Mar 12 16:00:14 app1-tf1 systemd[1]: Failed to start pyFF Metadata processing.
Mar 12 16:00:14 app1-tf1 systemd[1]: pyff-metadata.service: Consumed 1.052s CPU time.

But apparently for the wring reason (pyff was still trying to interpret the xml).

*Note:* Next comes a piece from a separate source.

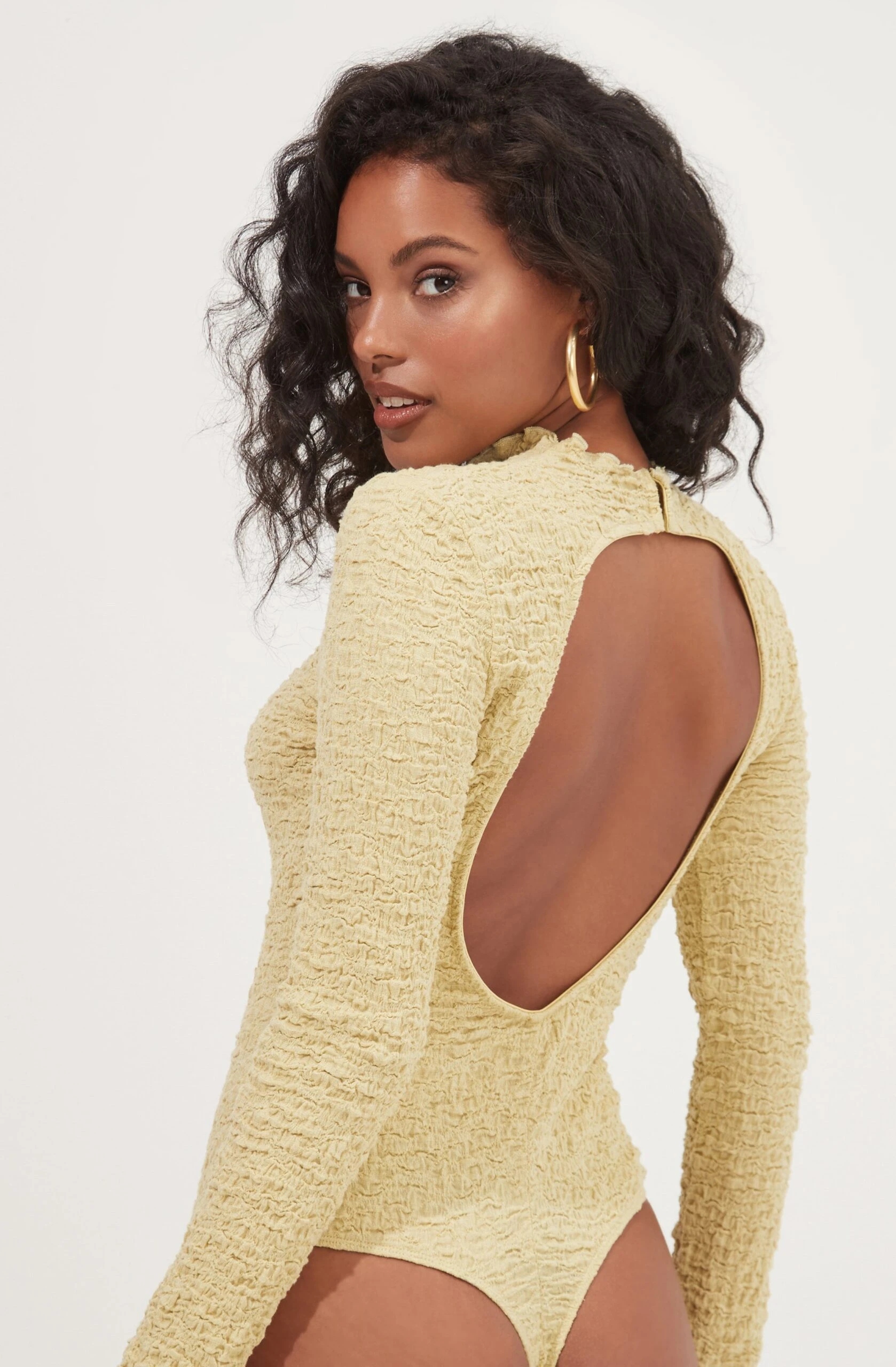 The Hawthorne Bodysuit features a crinkled fabrication with a mock neckline and fitted silhouette. Cutout open back. Long sleeves. Attached thong bottoms have snap button closures.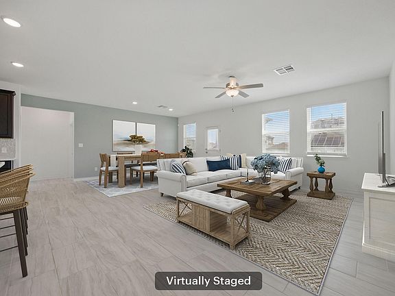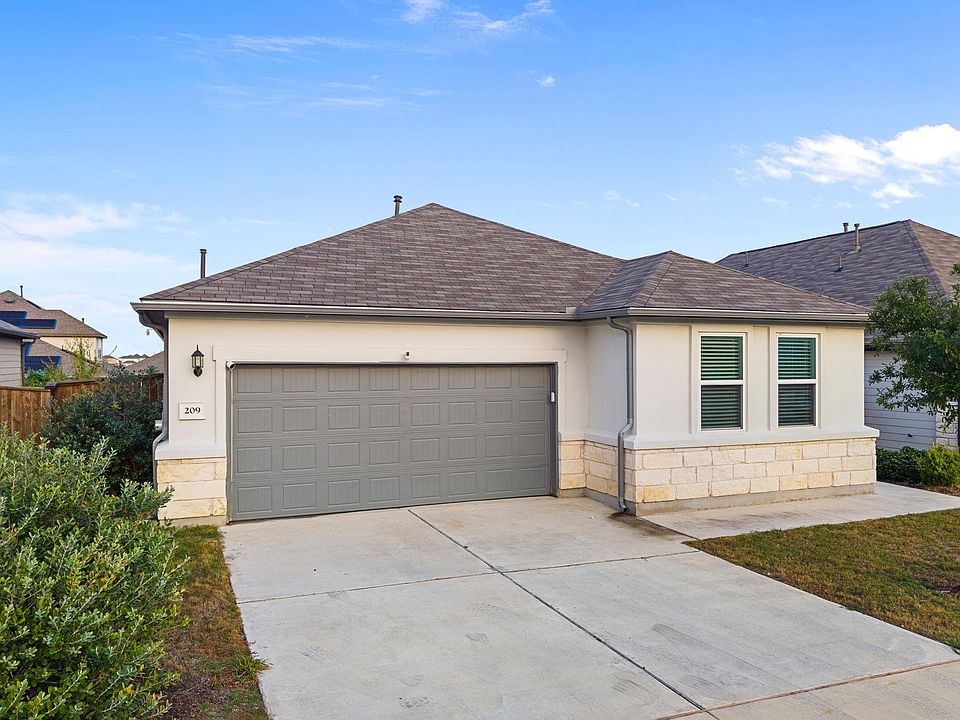 Light, bright and open in the storybook community of Emory Crossing! Stunning four bedroom, one-story home with a great floorplan. An extra-spacious combined living and dining room spans across the back of the home, with the large, open kitchen tying the rooms together. Thick white quartz countertops are contrasted with rich, dark cabinetry, blended with beautiful swirled tile backsplash. Enjoy a large island, huge walk-in pantry and a gas stove as well. The entry hall and main living spaces feature light-toned hard tile flooring, while the bedrooms offer cozy carpeting. A hallway off the entry leads down to three well-spaced bedrooms, a shared bathroom with dual vanity and a big laundry room with shelving. The primary suite is tucked away in the back of the home and is very spacious. The bathroom has a walk-in shower, dual vanity & a fantastic closet. Recessed lighting adds even more light to a home filled with natural light. Unlike new construction, this home comes complete with like-new window blinds and a full alarm system with cameras. The home is also plumbed for a water softener. This is a must see home and community! Nestled quietly behind all the retail and dining found at the Hutto Co-Op.

mrvanes commented 8 months ago

Can't reproduce on --container deploy of pyff locally?

baszoetekouw commented 8 months ago

At the moment the upstream server is back up again, so that's to be expected. Does it also fail correctly if the upstream server times out?

mrvanes commented 8 months ago

I extended the tests and still can't reproduce with ConnectTimeoutError nor NewConnectionError (refused) exceptions?

baszoetekouw commented 7 months ago

Ok, let's leave it for now, and see if this error ever resurfaces...
I want to get rid of pyff anyway, as it is extremely wasteful with memory; should be easily replaceable by a shell script.